Area farmers featured in "Troubled Waters" film screening

A beautiful if controversial film exploring the dead zone problem in the Gulf of Mexico and how innovative farmers from southeast Minnesota and elsewhere are helping fix it will be aired Sunday, Jan. 30, as part of the Frozen River Film Festival at Winona State University. Troubled Waters: A Mississippi River Story, will be hosted by the Land Stewardship Project (LSP), beginning at 1 p.m. in Somsen Auditorium. Tickets ($7) can be bought at the box office, 79 E. Third St. in Winona, through Friday, or in the Science Lab Center Atrium on campus both weekend days. Children age 14 and under are free. For more information, contact LSP's Caroline van Schaik at 507-523-3366 or caroline@landstewardshipproject.org, or visit either web site.

River artist Gaylord Schanilec (www.midnightpapersales.com) will follow the screening with a program on, "Drawn to the River: Books and Wood Block Prints," his new exhibit at the Minnesota Marine Art Museum. The Stockholm, Wis.-based wood engraver, fine printer and natural philosopher is also working on a project entitled, "The River - Voyages of the Hungry Mind," and will spend a few minutes describing this combination engravings/essays endeavor. Schanilec is the recipient of many awards and prizes, including the Gregynog Prize for an original work printed in traditional letterpress.

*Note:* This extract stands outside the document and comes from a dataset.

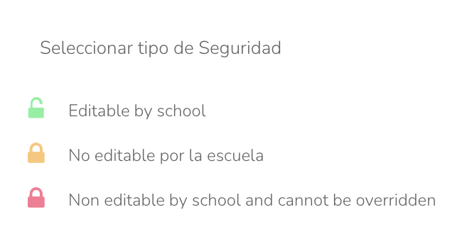 - Grupos de perfiles escolares: Listas de escuelas que recibirán los perfiles seleccionados en grupo.
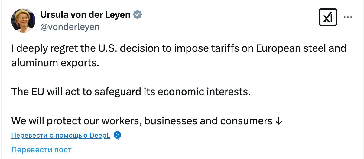 "Я глибоко шкодую про рішення США ввести тарифи на європейський експорт сталі та алюмінію. ЄС діятиме на захист своїх економічних інтересів. Ми захищатимемо наших робітників, підприємства та споживачів", - написала у Х глава Єврокомісії Урсула фон дер Ляйєн.

Troubled Waters, commissioned by the University of Minnesota's Bell Museum with public funding, was arbitrarily canceled a few weeks before its October premiere by the U of M's vice- president of University Relations, Karen Himle. Public pressure led to the reinstatement of the film's screening as well as to Himle's resignation after extensive documentation unearthed by LSP and others showed the vice-president had a serious conflict of interest due to her connections to corporate agriculture.

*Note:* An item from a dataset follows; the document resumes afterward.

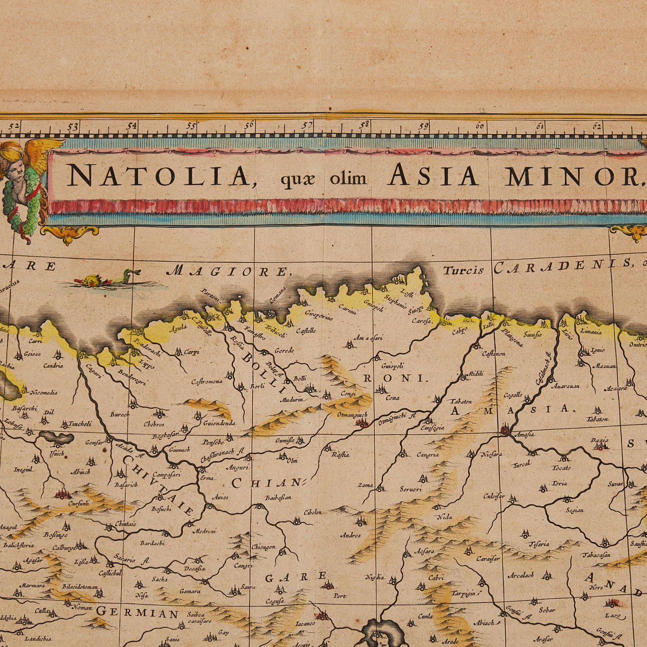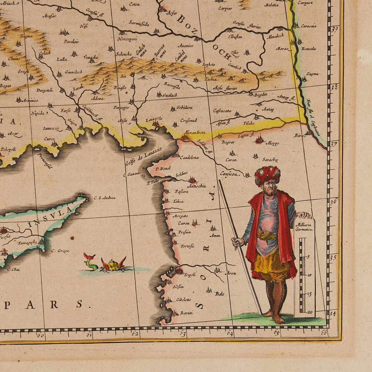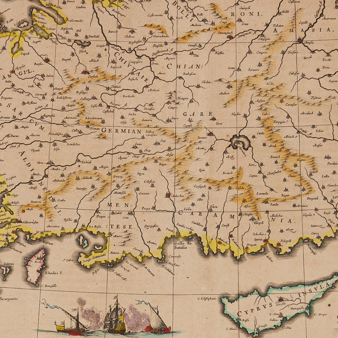 BLAEU, Willem Janszoon. Natolia, quae olim Lilleasien [med Cypern]. Amsterdam ca 1634.. Håndkoloreret indgraveret kort med kartouche øverst, havdyr, sejlskibe (kampscene) og en mand stående ved siden af vægten. Cirka 385 x 500 mm. Latinsk tekst på verso side nummer 14.

The Frozen River Film Festival offers programs that provide unique perspectives on environmental issues, sustainable communities, extreme sports, adventure travel and diverse cultures through film, discussion and community-centered events. LSP is a nonprofit organization committed to fostering an ethic of stewardship for farmland and to seeing more successful farmers on the land raising crops and livestock.